Whenever Andrew is on the Games Daily show,
that's what we're talking about.
When me and Andy are talking about something else work related,
we're like,
do you want to just fucking quit them and go play destiny all time?
We're like,
Yes, we do.
And then last week's games cast was all Destiny 2.
Have you played Destiny 2?
I have never played Destiny 1 or 2.
I mean neither.
It's all good.
I have never even been in a room where Destiny is being played.
Wow.
You could not identify it if it would be a screenshot.
I have possibly seen a picture at one point in time,
but I wouldn't really be willing to bet on that.
Please tell me about the Destiny.
In Destiny, there's space and you're in it,
and you're getting stuff and there's Ingrams and you're on this loot treadmill
and just getting better stuff.
Okay, so I was with you until Ingrams.
What's an Ingrams?
Is that like a money thing?
No, no, it's loot.
Just old women, Ingram?
No, no.
No, you kill stuff, you do missions, whatever, and every so often these Ingrams drop that are like little, like, think, they look like a little, like hexagons, I guess, or whatever.
I don't know, I'm not that kind of.
It's a shape.
Yeah.
Oh, you know what they look like here is what they look like.
They look like gushers.
They do look like gus.
Yeah.
And they got different colors and there are different rarities and you pick them up and you get items out of it and you put on gear and get better guns and stuff like that.
And you go do it over and over and over and over and over again.
So it's just a treasure.
chest based.
100%.
Okay.
I was trying to explain it on Games Daily this week.
The shape did not matter.
On Games Daily this week we were talking about it.
And it was this thing where destiny, even though you're not playing it,
it's sweeping the industry, right?
There it is.
There's the gusher.
Oh, that's a gusher.
Yeah, no, that's absolutely a gusher.
Yeah, it's sweeping the industry.
Everybody's talking about it.
So a lot of kids are writing in and being like one of the ones who are just like,
hey, I don't play Destiny.
I'm not good at first person shooters.
Should I try Destiny?
And what I said that I stand by and stick with me.
is it's like a first person MMO.
Okay.
And it's not an MMO, it is, but it isn't, you know,
but what I mean is in the MMO, right,
like when you're running around and just clicking
and killing things over and over and over again,
the enemies aren't that tough.
You die, there's usually not a big buff to you dying
or a problem with you dying.
That's the same thing here.
It's that kind of gameplay in first person.
When you're running through and you kill all the ads
and get better gear and you go on.
It's Diablo in first person.
You're running down and doing all these different things.
So I was trying to sell this kid on playing it
because it's not, I don't,
I like Call of Duty story.
I don't ever play Call of Duty multiplayer.
Like that's not what I want to do.
And I don't play PVP in death space.
So multiplayer is not a necessarily big part to enjoy it.
You don't have to do.
In end game stuff, for sure.
In end game, yeah.
But like when you play through the first part, you could just play through it and do all the stuff.
And it might be tough here and there.
But if you keep on leveling up and doing all this stuff, it's amazing.
And what Destiny 2 gets so right via destiny, or I guess in comparison to Destiny 1 is how much shit there is to do.
Yeah.
How good the story is.
How good the writing is.
Like failsafe is his character in the game, that's hilarious and awesome.
And when I'm doing her quest out there and it's Nolan North as,
ghost making jokes to me or talking to me and then getting mad at fail safe and then banter.
It's like this is fucking cool and you're earning cool rewards and getting good weapons and
feel like you're making progress.

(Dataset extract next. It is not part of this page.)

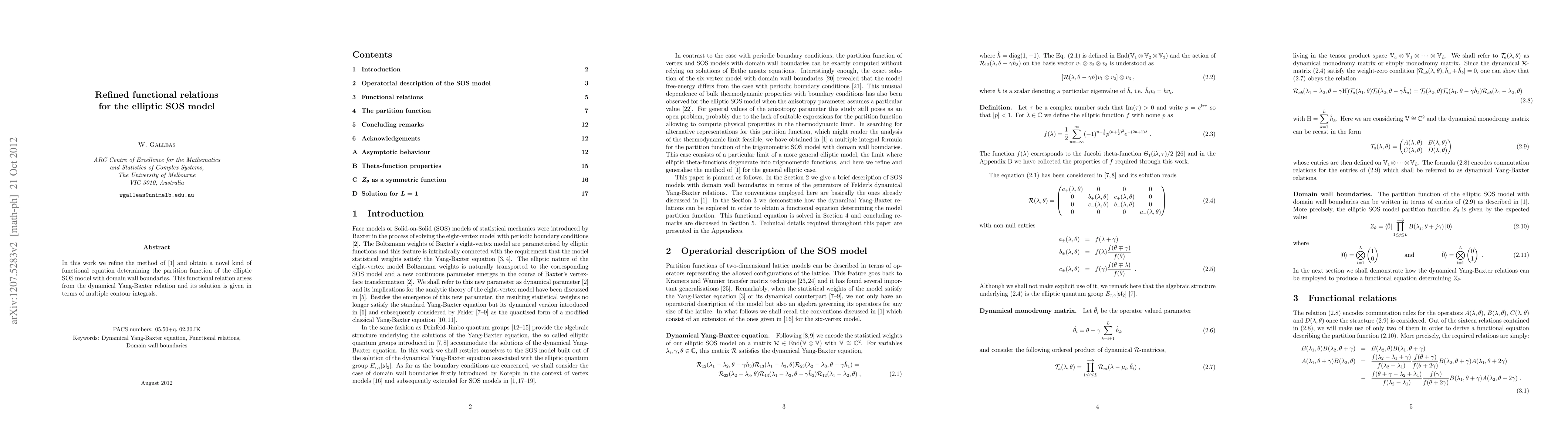 In this work we refine the method of [1] and obtain a novel kind of functional equation determining the partition function of the elliptic SOS model with domain wall boundaries. This functional relation is originated from the dynamical Yang-Baxter algebra and its solution is given in terms of multiple contour integrals.

And then there is the idea of like jumping in and playing.
Like, you know, yesterday it was like I finally sat down. I'm like, I'm getting into it.
And I hit up just on who wants to play? These are the hours I'll be playing. And I had this one
guy with me for, I would say, of the nine hours, five of them. And like we cycle in a third person
every so often. Somebody else has to go to bed or, you know, get up for work or depending on time
zones. And so it was this thing that now that it's end game, I am playing with people,
and that's the way it's going to have to be and like to do raids and stuff. And like today,
I keep trying, stand by. I'm trying to open up the kind of funny clan to everybody. Yeah.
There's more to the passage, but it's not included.